When Britney Spears was named the cover girl for Allure’s September issue back in 2007, readers waited expectedly for talk of her children, her divorce, and her then ever spiraling decline. But instead, they got nothing. Getting Britney in the studio for the photo shoot was a procedure in and of itself. Forget about a sit down interview.
When Gay Talese attempted to profile Frank Sinatra in April 1966, he too was given the run around, and was told repeatedly by the plethora of vibrant individuals in the musician’s life that he couldn’t sit down for an interview. Sinatra was busy. He was recording. He had a cold.

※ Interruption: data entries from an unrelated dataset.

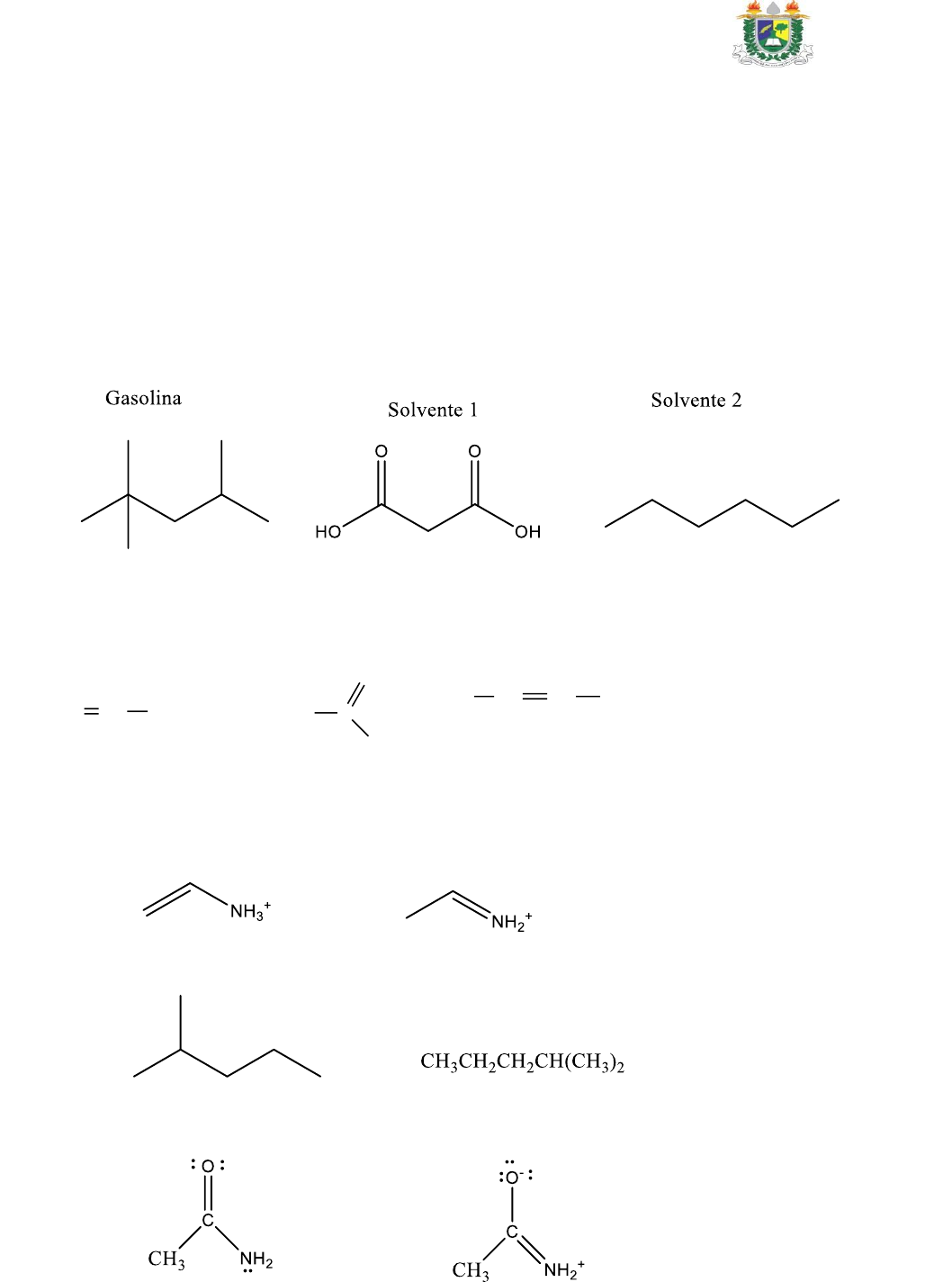 UNIVERSIDADE DO ESTADO DO AMAPÁ – UEAP Professor: Darlan Coutinho dos Santos Aluno: Disciplina: Química Orgânica Curso: Ciências Naturais I Avaliação 1) A ANP, Agencia Nacional do Petróleo, é o órgão regulador das atividades que integram as indústrias de petróleo e gás natural e de biocombustíveis no Brasil. Uma das suas atribuiçóes é fiscalizar a adulteração de combustíveis. Ao analisar uma amostra de gasolina de um posto do município de Macapá, o engenheiro químico percebeu que a gasolina estava adulterada utilizando um densímetro. Alem disso, constatou que os líquidos eram totalmente miscíveis. De acordo com seu conhecimento em solubilidade qual solvente foi utilizado para adulteração da gasolina? Mostre as interações intermoleculares. (2,0) 2) Escreva uma estrutura contribuinte mais estável para cada uma das seguintes estruturas. Use setas curvas para mostrar como transformar a fórmula de Lewis original na nova fórmula. Especifique cargas formais, se houver. (2,0) +CH2CH CH -CH2.. H2C- C H O .. : .. H2C+ CH CH O- .. .. : 3) Qual a relação entre os membros dos seguintes pares? Isto é, eles são isômeros constitucionais, são os mesmos ou qualquer coisa diferente (especifique) ? 4) O íon nitrito (NO2 -) tem a conectividade ONO. Escreva para o íon nitrito duas estruturas de Lewis que obedeçam à regra do octeto. As duas contribuem igualmente para o híbrido de ressonância? (2,0). 5) Em qual dos compostos – CH4, NH3, H2O, SiH4, ou H2S- o δ+ do hidrogênio é maior? Em qual deles o hidrogênio tem carga parcial negativa? Justifique (2,0)
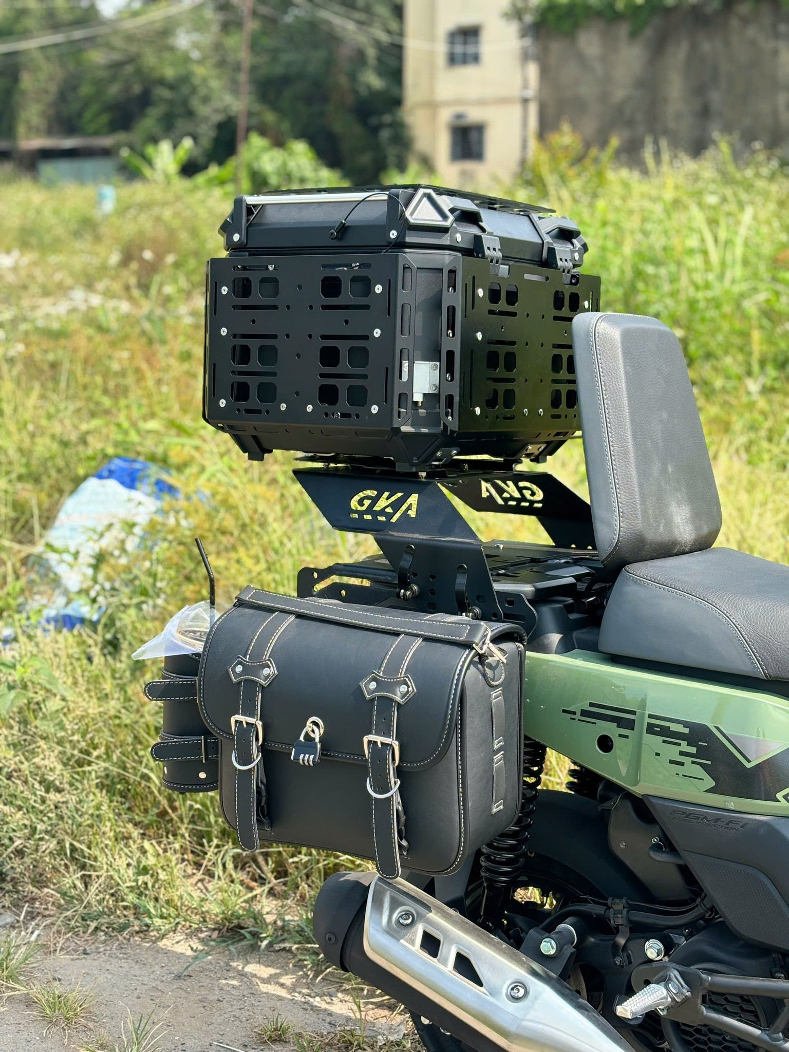 Một điểm đáng chú ý là sau khi đưa về Việt Nam, đại lý đã đầu tư trang bị, gắn thêm khá nhiều phụ kiện chính hãng như thùng chứa đồ phía sau dạng khung kim loại, túi treo hai bên, giá chằng đồ và bàn gập bên hông. Những chi tiết này khiến mẫu xe mang dáng dấp của một phương tiện phục vụ đi dã ngoại, cắm trại hơn là một chiếc tay ga đi phố thông thường.
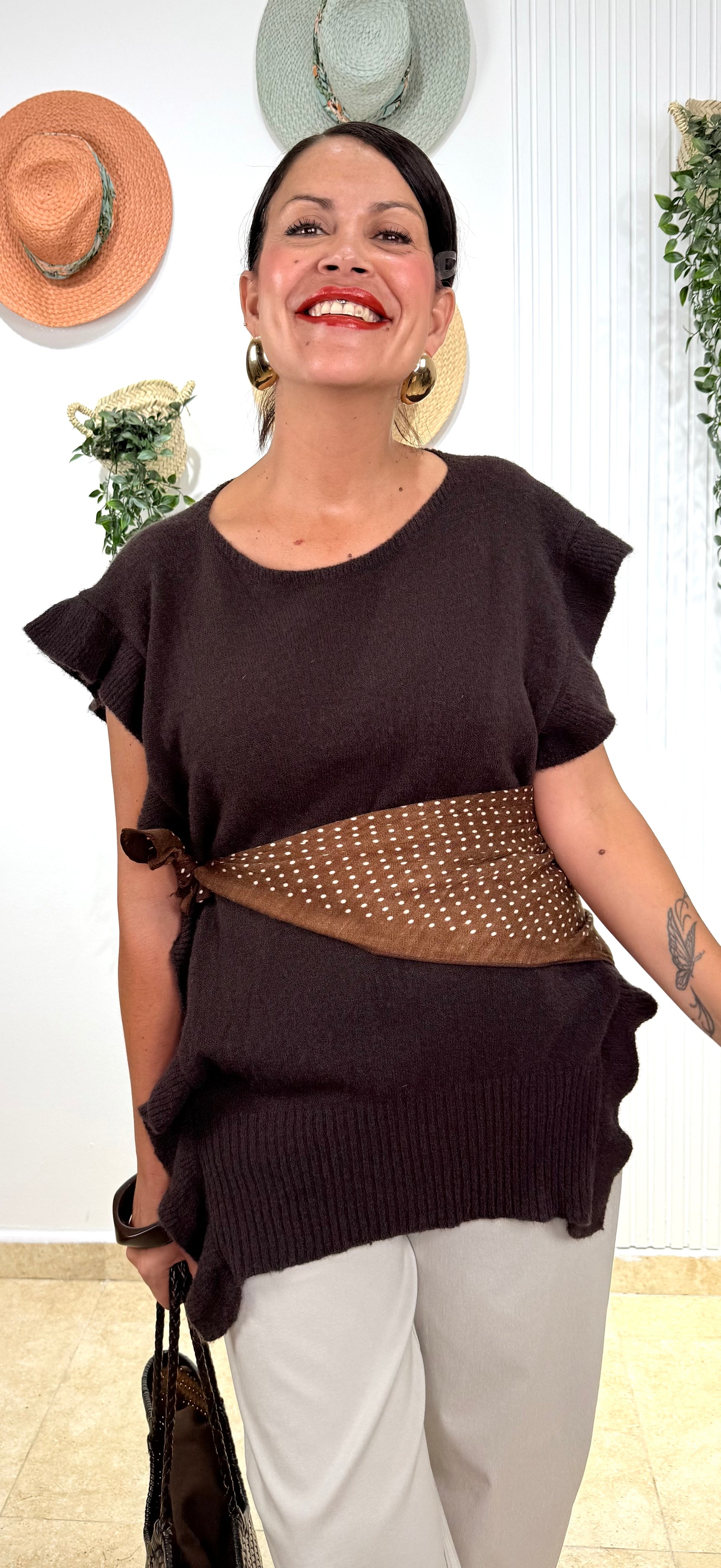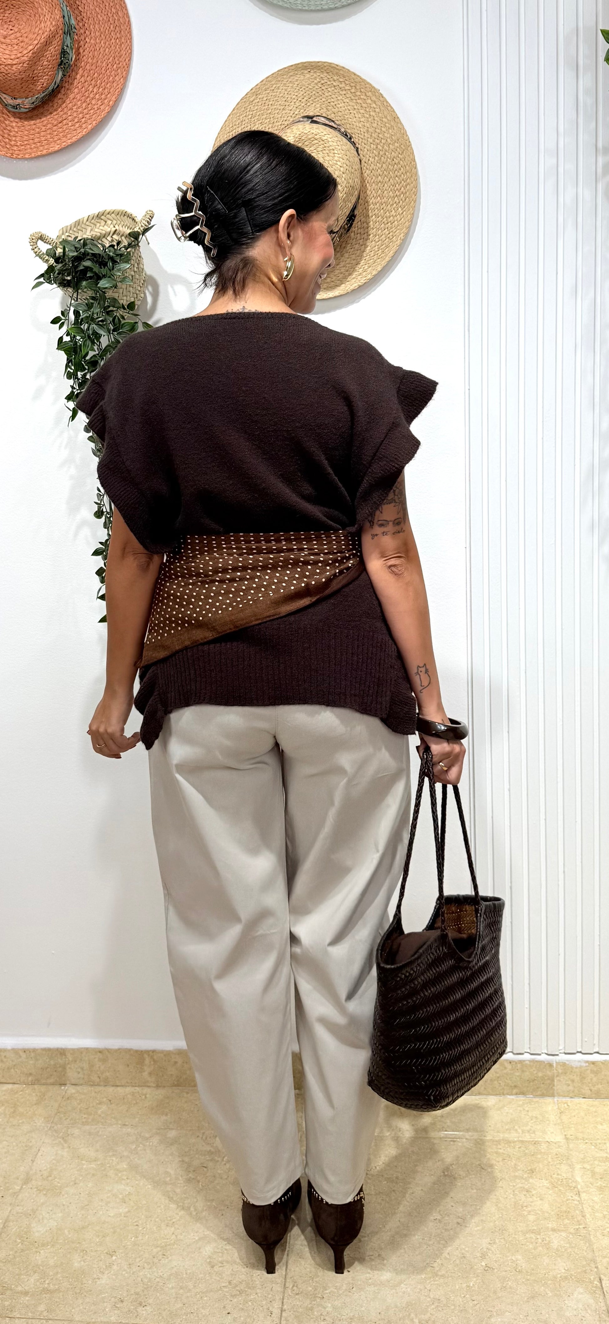 Chaleco volantes chocolate

And in the most recent case of a celebrity interview sans celebrity, Lindsay Lohan posed for Complex Magazine (title sounds quite fitting, no?) with some animated art by famed street artist KAWS. But no interview accompanied the odd spread. Rather, a disclaimer:
So here we are. As we go to press, it’s late June—more than a month since we shot these pictures—and we still haven’t gotten our interview. Emails have gone unanswered; the same for voicemails we left with her mom, Dina. The photographers’ agent, who’s known Lindsay for a long time, admitted to us that he hasn’t had contact with her for weeks. When you don’t have a publicist and your personal assistant resigns, it’s a lot easier to disappear. Look, Lindsay: hard as this is to believe, we get it. And when you’re up on the tightrope, and the wind is whipping around you, and the whole world is waiting—fucking salivating—for you to fall, shit can feel cold. What makes it worse is that you’ve been fucked by everyone you were supposed to trust, everyone who told you they cared about you and had your best interests in mind. It’s you against the world right now; We’d disappear, too. But know this: whenever you’re ready, we’re ready. And we haven’t given up on you. So yeah, world, we got that white girl. But don’t think you, or anyone, are gonna get more than she gives you. Ever.